Records excerpted from a collection:
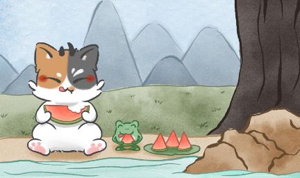今日小暑,白泽在群里看到有不少仙君在“晒西瓜”于是乎,它也往溪边树荫一瘫,抱着西瓜嚼嚼嚼,爪子都变得黏黏的,旁边的小青蛙鼓着腮帮子道:“呱?这瓜保熟吗!”。树影晃呀晃,溪水偷瞄它们的吃相,远山的蝉鸣都都成了它俩吃瓜的白噪音。今日互动西瓜虽好,莫要贪多,白泽正在拉肚子中…话说各位仙君西瓜吃多了会拉肚子吗~
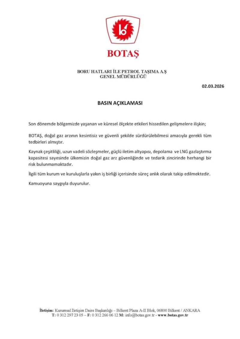 Boru Hatları İle Petrol Taşıma Anonim Şirketi (BOTAŞ), ABD-İsrail ile İran arasında yaşanan saldırıların küresel etkilerine ilişkin açıklama yaparak, doğal gaz arzının kesintisiz ve güvenli şekilde sürdürülebilmesi amacıyla gerekli tüm tedbirlerin alındığını bildirdi.
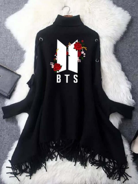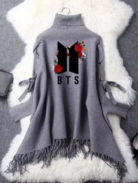 Zayra BTS Flower Eyelet Style Winter Bat-Wing Poncho
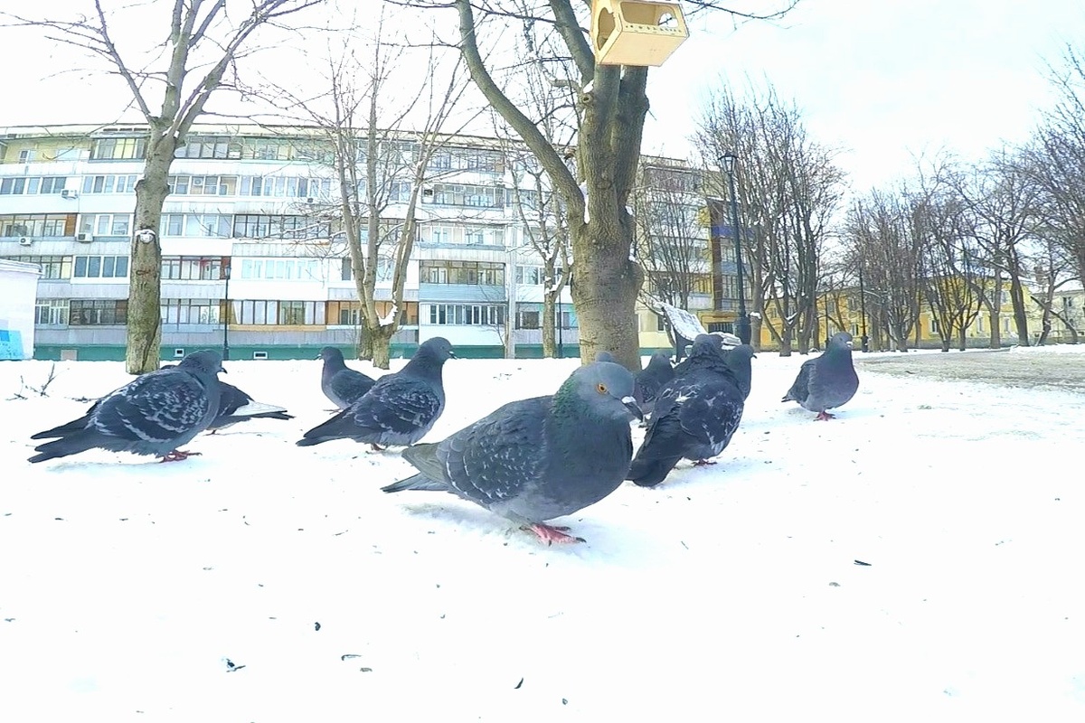 Сегодня, дорогие читатели, у нас обещали мороз в 19 градусов. Вчера тоже было холодно. Птички, видимо, за ночь намерзлись. Первая синичка прилетела на кормушку в 8 часов. Это еще раньше, чем вчера. Возможно, по утрам, пока на кормушке никого нет, прилетает одна и та же синичка. Видимо, вечером, когда на кормушке ажиотаж, до нее очередь не доходит. И она старается напитаться калориями с утра пораньше. Во второй половине дня мне надо было пойти по делам и я решила на обратном пути заехать в сквер и поснимать там птиц на кормушке. Взяла маленькую камеру на прищепке, семечки, пришла к кормушкам, заправила их семечками и прицепила камеру на бортик. И... ничего) Птички долетали до кормушки, замечали камеру и в панике бросались в сторону. Я подождала минут 10. Но потом камеру убрала - зачем мучить тех, кто голоден. Но решила насыпать еще немного семечек под кормушкой, на открытом пространстве и рядом опять поставить камеру - а вдруг на земле она меньше напугает птиц... Поставила. Насыпала сем
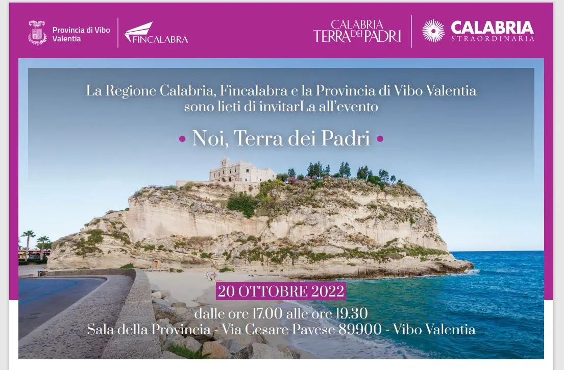 «Internazionalizzare il sistema produttivo regionale e incrementare le presenze turistiche legate al turismo di ritorno, il cosiddetto turismo delle radici, un potenziale bacino di milioni di calabresi all’estero – in particolare le nuove generazioni – da invogliare a compiere un vero e proprio viaggio in Calabria, nella Terra dei Padri, alla scoperta delle proprie radici». Questo l’obiettivo del progetto denominato “Calabria, terra dei padri”, un intervento di marketing territoriale, promosso dalla Regione Calabria e gestito da Fincalabra, che giovedì prossimo, 20 ottobre, alle ore 17, verrà presentato ai cittadini, agli amministratori e agli attori territoriali del Vibonese nella sala consiliare della Provincia di Vibo Valentia. [Continua in basso]
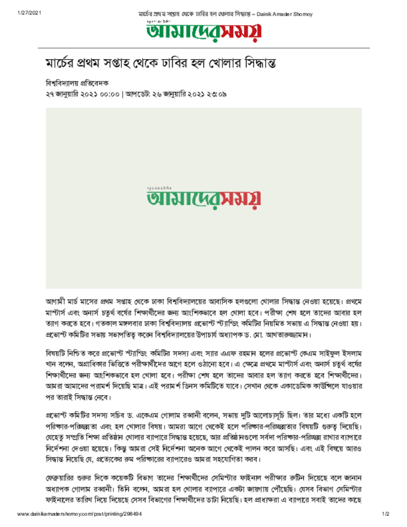 মার্চের প্রথম সপ্তাহ থেকে ঢাবির হল খোলার সিদ্ধান্ত – Dainik Amader Shomoy Published on 27 January 2021 Newspaper দৈনিক আমাদের সময় Category General Education General Education Download
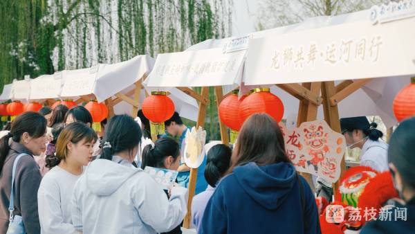 热闹的氛围也吸引了不少正值春假的孩子们参与。他们在生物与化工工程学院的展台品尝改良版的淮扬美味,跟着纺织服装学院师生学习蜡染技艺,亲手将“运河十二景”染进香囊等文创产品中。
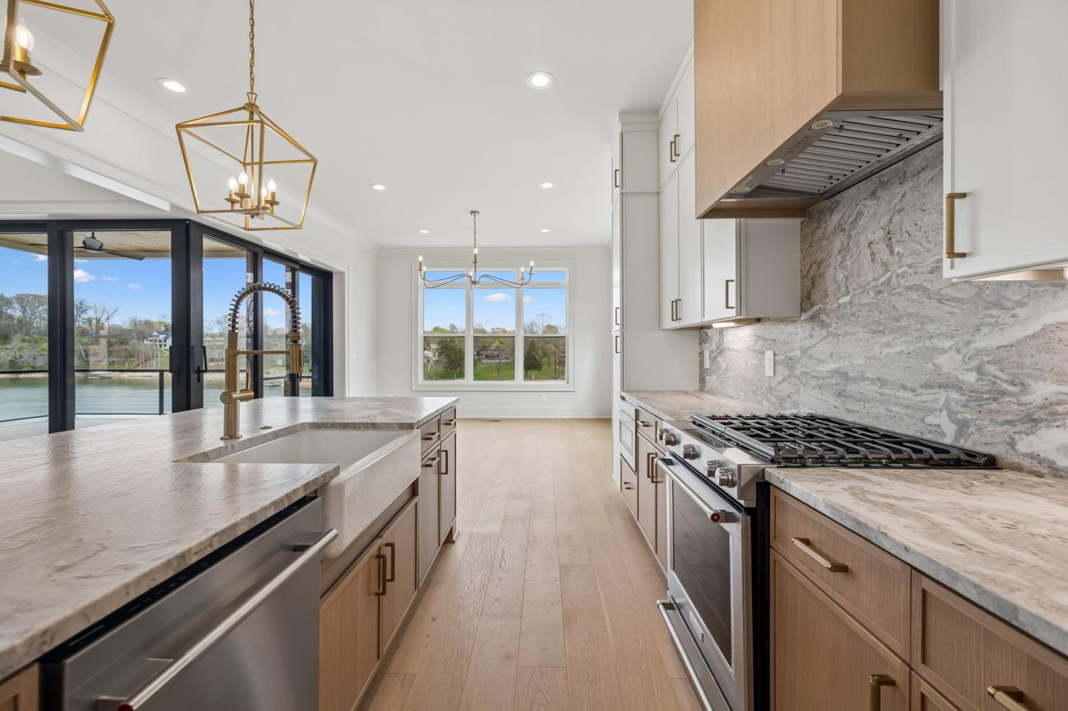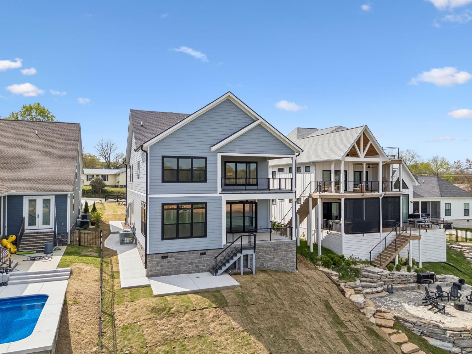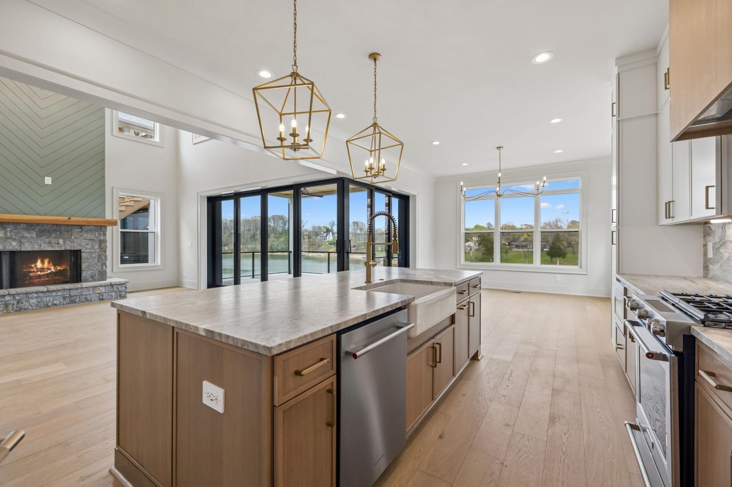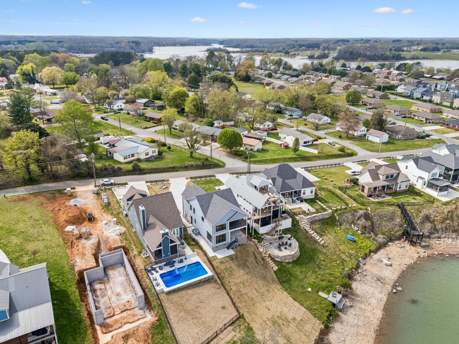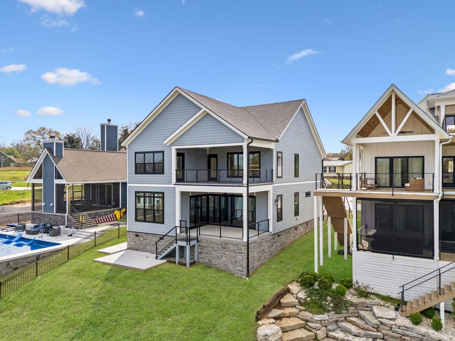 Welcome to 914 N Jefferson Street, a custom-built lakefront home in the desirable Barefoot Bay community on Tim’s Ford Lake. Located just 0.7 miles from the historic Winchester Square with dining, boutique shops, and cafés, and only 1.9 miles to Twin Creeks Marina & Resort, this property offers an ideal blend of convenience and lake living. Barefoot Bay features a lakeside community pool, and short-term rentals are allowed—perfect for a primary residence, vacation home, or investment opportunity. This home offers 2,714 sq ft with 4 bedrooms, 3 baths, plus a spacious bunk room featuring two custom full-over-full bunk sets—ideal for hosting guests. Enjoy 180-degree lake views and an oversized 1-car garage (12x25) with a 9’ insulated door and commercial-grade epoxy flooring, providing excellent space for boat or gear storage. The main level features 10’ ceilings, 8’ solid-core doors, and a dramatic 21’ vaulted family room with a floor-to-ceiling natural stone fireplace. Pocketing glass sliders open to a covered porch with stunning lake views. The kitchen includes custom Tiger cabinetry to the ceiling with soft-close doors and drawers, pull-out shelving, and KitchenAid Professional appliances. Wide-plank white oak hardwood flooring runs throughout. A spacious mudroom offers additional cabinetry, countertop workspace, washer/dryer, extra refrigerator, and custom drop zone. A main-level bedroom with attached bath adds flexibility. Upstairs includes the primary suite with spa-style bath and private covered balcony overlooking the lake, along with two additional bedrooms, a full bath, bunk room, and second laundry. Built above industry standards, the home features a fully core-filled foundation (4,000 PSI concrete) and a rear piling system driven to bedrock for enhanced stability. Exterior includes fiber cement siding and natural stone skirting. Rare opportunity to own a custom lake home in one of Tim’s Ford’s most sought-after communities. Schedule your showing today.

▸ **Task description**
Print all the lines above again exactly, without any pictures.

▸ **Solution below**
今日小暑,白泽在群里看到有不少仙君在“晒西瓜”于是乎,它也往溪边树荫一瘫,抱着西瓜嚼嚼嚼,爪子都变得黏黏的,旁边的小青蛙鼓着腮帮子道:“呱?这瓜保熟吗!”。树影晃呀晃,溪水偷瞄它们的吃相,远山的蝉鸣都都成了它俩吃瓜的白噪音。今日互动西瓜虽好,莫要贪多,白泽正在拉肚子中…话说各位仙君西瓜吃多了会拉肚子吗~
 Boru Hatları İle Petrol Taşıma Anonim Şirketi (BOTAŞ), ABD-İsrail ile İran arasında yaşanan saldırıların küresel etkilerine ilişkin açıklama yaparak, doğal gaz arzının kesintisiz ve güvenli şekilde sürdürülebilmesi amacıyla gerekli tüm tedbirlerin alındığını bildirdi.
 Zayra BTS Flower Eyelet Style Winter Bat-Wing Poncho
 Сегодня, дорогие читатели, у нас обещали мороз в 19 градусов. Вчера тоже было холодно. Птички, видимо, за ночь намерзлись. Первая синичка прилетела на кормушку в 8 часов. Это еще раньше, чем вчера. Возможно, по утрам, пока на кормушке никого нет, прилетает одна и та же синичка. Видимо, вечером, когда на кормушке ажиотаж, до нее очередь не доходит. И она старается напитаться калориями с утра пораньше. Во второй половине дня мне надо было пойти по делам и я решила на обратном пути заехать в сквер и поснимать там птиц на кормушке. Взяла маленькую камеру на прищепке, семечки, пришла к кормушкам, заправила их семечками и прицепила камеру на бортик. И... ничего) Птички долетали до кормушки, замечали камеру и в панике бросались в сторону. Я подождала минут 10. Но потом камеру убрала - зачем мучить тех, кто голоден. Но решила насыпать еще немного семечек под кормушкой, на открытом пространстве и рядом опять поставить камеру - а вдруг на земле она меньше напугает птиц... Поставила. Насыпала сем
 «Internazionalizzare il sistema produttivo regionale e incrementare le presenze turistiche legate al turismo di ritorno, il cosiddetto turismo delle radici, un potenziale bacino di milioni di calabresi all’estero – in particolare le nuove generazioni – da invogliare a compiere un vero e proprio viaggio in Calabria, nella Terra dei Padri, alla scoperta delle proprie radici». Questo l’obiettivo del progetto denominato “Calabria, terra dei padri”, un intervento di marketing territoriale, promosso dalla Regione Calabria e gestito da Fincalabra, che giovedì prossimo, 20 ottobre, alle ore 17, verrà presentato ai cittadini, agli amministratori e agli attori territoriali del Vibonese nella sala consiliare della Provincia di Vibo Valentia. [Continua in basso]
 মার্চের প্রথম সপ্তাহ থেকে ঢাবির হল খোলার সিদ্ধান্ত – Dainik Amader Shomoy Published on 27 January 2021 Newspaper দৈনিক আমাদের সময় Category General Education General Education Download
 热闹的氛围也吸引了不少正值春假的孩子们参与。他们在生物与化工工程学院的展台品尝改良版的淮扬美味,跟着纺织服装学院师生学习蜡染技艺,亲手将“运河十二景”染进香囊等文创产品中。
 Welcome to 914 N Jefferson Street, a custom-built lakefront home in the desirable Barefoot Bay community on Tim’s Ford Lake. Located just 0.7 miles from the historic Winchester Square with dining, boutique shops, and cafés, and only 1.9 miles to Twin Creeks Marina & Resort, this property offers an ideal blend of convenience and lake living. Barefoot Bay features a lakeside community pool, and short-term rentals are allowed—perfect for a primary residence, vacation home, or investment opportunity. This home offers 2,714 sq ft with 4 bedrooms, 3 baths, plus a spacious bunk room featuring two custom full-over-full bunk sets—ideal for hosting guests. Enjoy 180-degree lake views and an oversized 1-car garage (12x25) with a 9’ insulated door and commercial-grade epoxy flooring, providing excellent space for boat or gear storage. The main level features 10’ ceilings, 8’ solid-core doors, and a dramatic 21’ vaulted family room with a floor-to-ceiling natural stone fireplace. Pocketing glass sliders open to a covered porch with stunning lake views. The kitchen includes custom Tiger cabinetry to the ceiling with soft-close doors and drawers, pull-out shelving, and KitchenAid Professional appliances. Wide-plank white oak hardwood flooring runs throughout. A spacious mudroom offers additional cabinetry, countertop workspace, washer/dryer, extra refrigerator, and custom drop zone. A main-level bedroom with attached bath adds flexibility. Upstairs includes the primary suite with spa-style bath and private covered balcony overlooking the lake, along with two additional bedrooms, a full bath, bunk room, and second laundry. Built above industry standards, the home features a fully core-filled foundation (4,000 PSI concrete) and a rear piling system driven to bedrock for enhanced stability. Exterior includes fiber cement siding and natural stone skirting. Rare opportunity to own a custom lake home in one of Tim’s Ford’s most sought-after communities. Schedule your showing today.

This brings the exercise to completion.